AN UNSTABLE and unpredictable mum who spent months systematically bullying her disabled daughter was described as manipulative by a Swindon judge.

Jackie Williams was said to have controlled almost every aspect of her grown-up daughter’s life, telling her what to wear, stopping her from taking a prescription for depression, using disability benefits to buy clothes online, setting up online dating profiles and peppering her with texts when she went to meet friends.

The 54-year-old would rant at her daughter, who suffers from cerebral palsy, if the young woman did not do what she wanted. On one occasion, she even wiped dirty underwear on her girl’s arm in an effort to humiliate her.

In a victim impact statement, Williams’ daughter said the campaign of abuse had left her with low self-esteem.

Describing her mother as unstable and unpredictable, the now 23-year-old woman said her life had changed for the better since moving away from the family home: “I feel I can just be myself and being myself isn’t something I should be ashamed of, even though she made me feel that way every single day.”

Williams, of Ratcoombe Road, Peatmoor, had previously pleaded guilty to engaging in coercive and controlling behaviour over a period of 15 months between 2015 and 2017.

Defending, Rob Ross said: “Caring – loving – can become burdensome, overbearing and all-encompassing suffocation. That’s what we’ve got here. Often, the last person to realise that is the perpetrator.”

He asked the judge to make a mental health treatment order, saying his client suffered from mental health problems including severe anxiety and depression.

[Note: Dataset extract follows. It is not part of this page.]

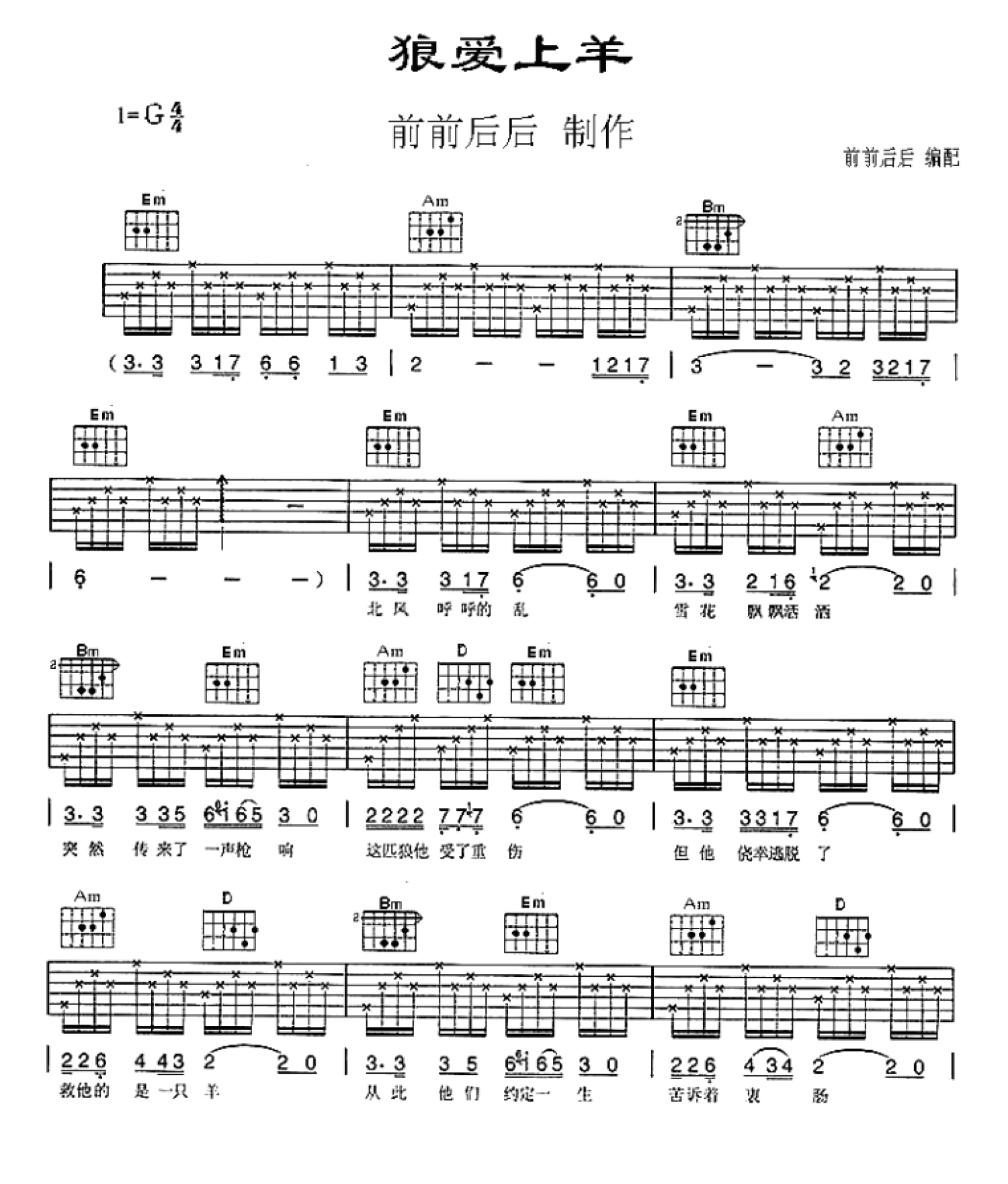 曲谱介绍: 类型:弹唱/伴奏谱难度:中级调式:G调;汤潮的深情演绎狼爱上羊感动万千歌迷的歌曲

Williams was sentenced to 17 months imprisonment suspended for two years and ordered to complete a six-month mental health treatment programme with the probation service. A restraining order bans her from contacting her daughter for five years.

Describing Williams as manipulative, Judge Jason Taylor QC said: “You are not the victim. You are not the tiring carer with an ungrateful child. And you are not the mother you want the world to see.”

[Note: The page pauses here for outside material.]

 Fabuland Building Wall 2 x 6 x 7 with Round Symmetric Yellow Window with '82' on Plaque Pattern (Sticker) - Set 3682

He added: “You should have nurtured. You undermined. You made her feel worthless.”

Reacting to the sentence, Wiltshire Police’s Micheala Gunn said: “This has been a lengthy and very difficult case for the victim, who has shown amazing courage throughout the whole process considering the turmoil that she has been subjected to.

“Controlling and coercive behaviour is still a relatively new offence, but it can have a really devastating impact on those involved.

“The result in court was an important one, not only for the victim, but for anyone else who might be going through something similar and does not feel strong enough to come forward and report their ordeal to police.”